Additionally, the first image is a realistic portrayal of using a bike. That couple could've been waiting at a red light that wouldn't change so they decided to walk their bikes through the crosswalk. (A totally
advisable course of action). Moreover, they can cycle in these clothes. She's not wearing super-wedgie producing booty shorts and he's not naked. They don't look tired, dirty, or disheveled. They look like they could jump right back on those bikes and have a grand time. They appear to be dressed for a grand time. In fact, I want to be the woman who can convince her boyfriend to dress like that (and I wouldn't mind having a man who looked like that either).
This is cycle chic bike porn. All of my happy buttons are being tweaked.

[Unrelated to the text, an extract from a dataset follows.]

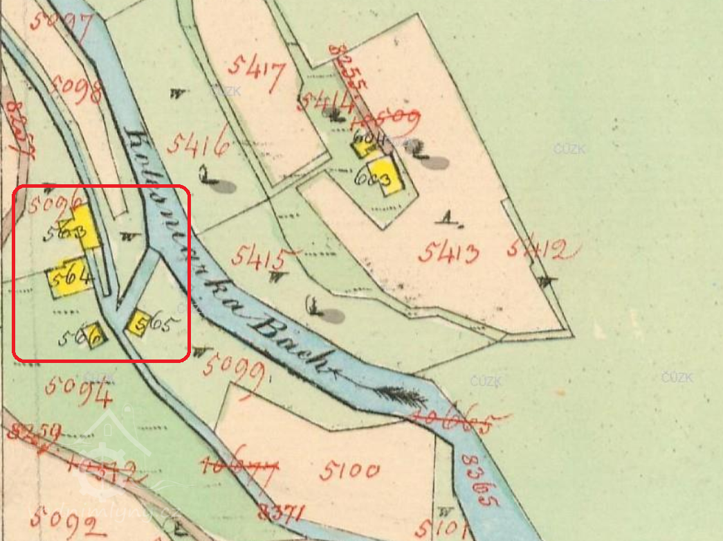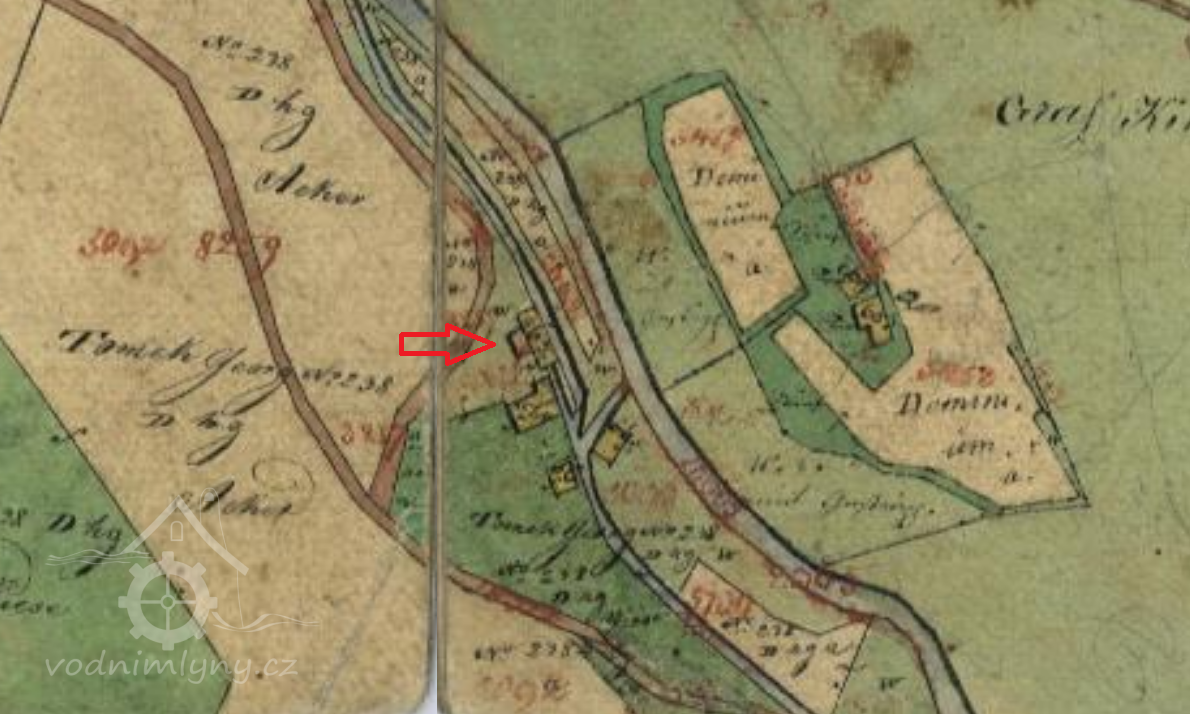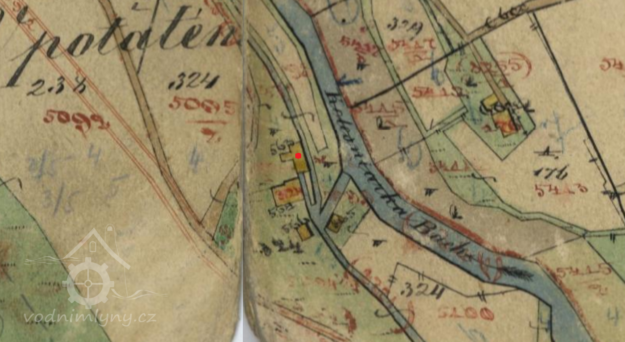 Popis1930: 1 kolo na spodní vodu, hltnost 0,25 m3/s, spád 3,4 m, výkon 1,8 HP

I'm digging the clothes, the city streets, the bikes--the lifestyle. Yes, please. Gimme some of that cycle chic.
The second image is porn-porn. The woman on the bike is an object like the bike which you can't even see. The headline below her cleavage reassures readers that there are more pictures of her accompanying the feature about her because ogling her body is way more important than learning the slightest thing about her as a person. The only positive thing I can say about this picture is that at least it's not an image of
just her butt or
just her crotch. Let's just say that if a photo looks like it was taken by a creep hiding in some bushes waiting for women on bikes to have wardrobe malfunctions, it's not cycle chic. I would also propose that an image with a naked or half-naked woman and a bike that elicits the question, "What bike," is just porn; it's not bike porn. Another question to consider: does the woman look like she could enjoy the bike? If the composition of the photo doesn't lend itself to the possibility that the woman could enjoy the bike then it's definitely porn because that's the hallmark of regular porn--no female subjectivity.
I try not to get deep on this blog, but citygirlrides pointed out that
the whole "girls on bikes" thing is being co-opted by folks who don't give a damn about girls or bikes. Then I saw
the debate on Momentum Mag and I had to add my two cents. I think that cycle chic is about the way women want to live--it encompasses the way they want to dress
and the fact that they want to ride in a seperated bike lane. At the bottom of it, cycle chic is also about normalizing cycling. It seems to have escaped the attention of Elly Blue and others that chic cycling is slow cycling. One doesn't have to be super fit or young or have the best bike to toodle into their city center for coffee. That sounds inclusive.What doesn't sound inclusive is this debate. We all want to ride our bikes, I don't see the point in dismissing anybody because they want to look a certain way while doing it.